In the morning, on our way to preschool, we now take a different approach. Instead of quickly throwing on jackets and shoes to get out the door, we have extra kisses and hugs as each arm slips into a sleeve or a foot into a shoe. I take a moment to sniff the warmth of the back of their necks or the tops of their heads. Instead of muttering to the children that we are running late, this has become an opportunity for extra physical contact. We may be a few minutes late for yard time or snack time, but who cares? They won't remember what it meant to be prompt at this age, but they will remember how much mommy wants to love them with kisses and hugs before we climb into the car for school.


When they are with their father, I miss them. Terribly. The melancholy of those evenings alone in my home without them still puts me in a lonely place. I think about how they each climb into to bed with me when they are here, and I miss the comfort of holding them. Hearing them breathe peacefully and softly. Two little angels that are safe in my mama bear care.


But when we are apart, I know I can focus on healing and changing. I can pick up a book again. I can take a hike or walk on the beach. Sip a coffee and sit for a while. I can write.


A wise woman recently shared something with me that gives me great comfort (thank you). She said that "...the only thing you can control is your own actions. And I think this is important in relation to our children because often times this is the only life-lesson we have left to teach them: life isn't about what happens to you; it is about how you deal with what happens to you. And that lesson will trump all the other worries and anxieties you have about the effects of divorce and custody battles on their young lives."

There are always challenges in life. How we address them makes all the difference. For my broken spirit, my children are the strongest medicine in the world.

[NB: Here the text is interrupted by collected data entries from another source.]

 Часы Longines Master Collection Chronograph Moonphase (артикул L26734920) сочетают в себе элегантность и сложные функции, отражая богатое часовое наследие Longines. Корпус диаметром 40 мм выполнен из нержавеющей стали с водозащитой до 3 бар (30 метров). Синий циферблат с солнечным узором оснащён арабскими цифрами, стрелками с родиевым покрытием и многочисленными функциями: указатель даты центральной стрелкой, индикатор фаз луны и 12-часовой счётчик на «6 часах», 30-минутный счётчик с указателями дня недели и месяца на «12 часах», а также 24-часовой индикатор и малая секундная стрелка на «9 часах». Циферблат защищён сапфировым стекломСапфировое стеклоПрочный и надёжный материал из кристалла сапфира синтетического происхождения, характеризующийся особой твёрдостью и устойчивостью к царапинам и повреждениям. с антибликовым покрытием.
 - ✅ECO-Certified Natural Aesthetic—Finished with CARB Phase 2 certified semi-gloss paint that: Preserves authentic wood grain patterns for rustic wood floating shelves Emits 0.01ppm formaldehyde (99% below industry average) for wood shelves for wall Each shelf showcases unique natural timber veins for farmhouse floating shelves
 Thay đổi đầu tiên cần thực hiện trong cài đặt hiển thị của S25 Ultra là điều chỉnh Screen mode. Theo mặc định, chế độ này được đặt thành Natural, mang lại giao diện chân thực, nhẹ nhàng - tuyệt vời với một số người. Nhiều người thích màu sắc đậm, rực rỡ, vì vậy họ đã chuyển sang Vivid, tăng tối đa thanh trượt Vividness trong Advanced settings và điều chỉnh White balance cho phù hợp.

They change your whole perspective and outlook on life and how to live it. But most importantly, if you can keep this top of mind, you have a chance to look at the world again through their eyes. It can become a special, magical place - one that is full of new experiences, new lessons, new discoveries, and promise. For your children, and for you.

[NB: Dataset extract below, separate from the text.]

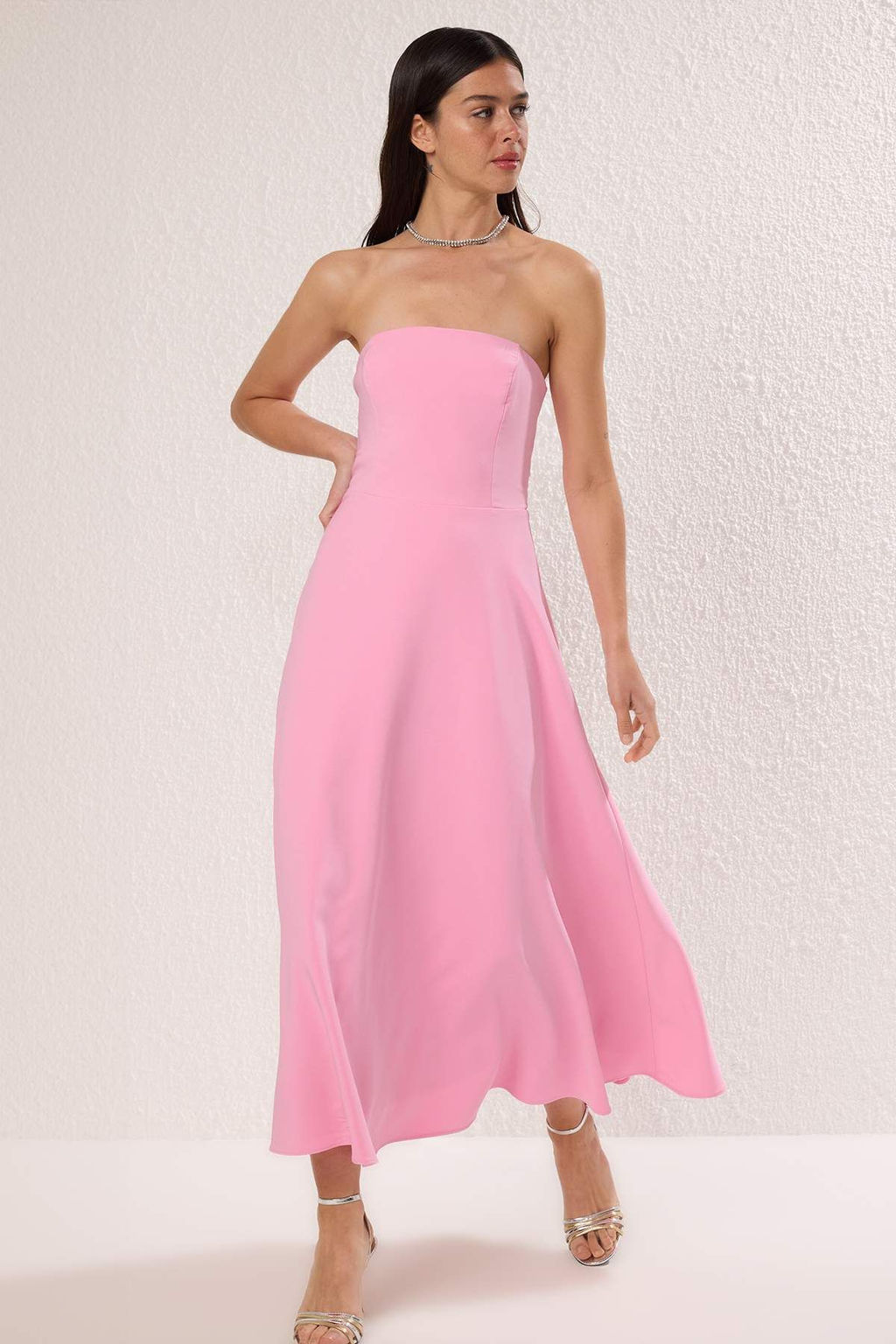 Pembe A-Kesim Straplez Dokuma S?k Abiye Gece Mezuniyet Elbisesi TPRSS24EL00139

We used to rush through bed time routines (brush teeth, two books, lights out) so that I could clean the kitchen, pick up the toys, and work late crunching out sales proposals and spreadsheets. Last night, at 36 and in the middle of a divorce, I got down on knee level next to my children in the backyard and we looked up at the moon together in the night sky. They are both in footed pajamas, and I have a blanket wrapped around them. I agreed with them, it was indeed, a beautiful sight. And then we came inside and climbed into mommy's bed, and I told them about the Chinese fable of the beautiful Moon Lady.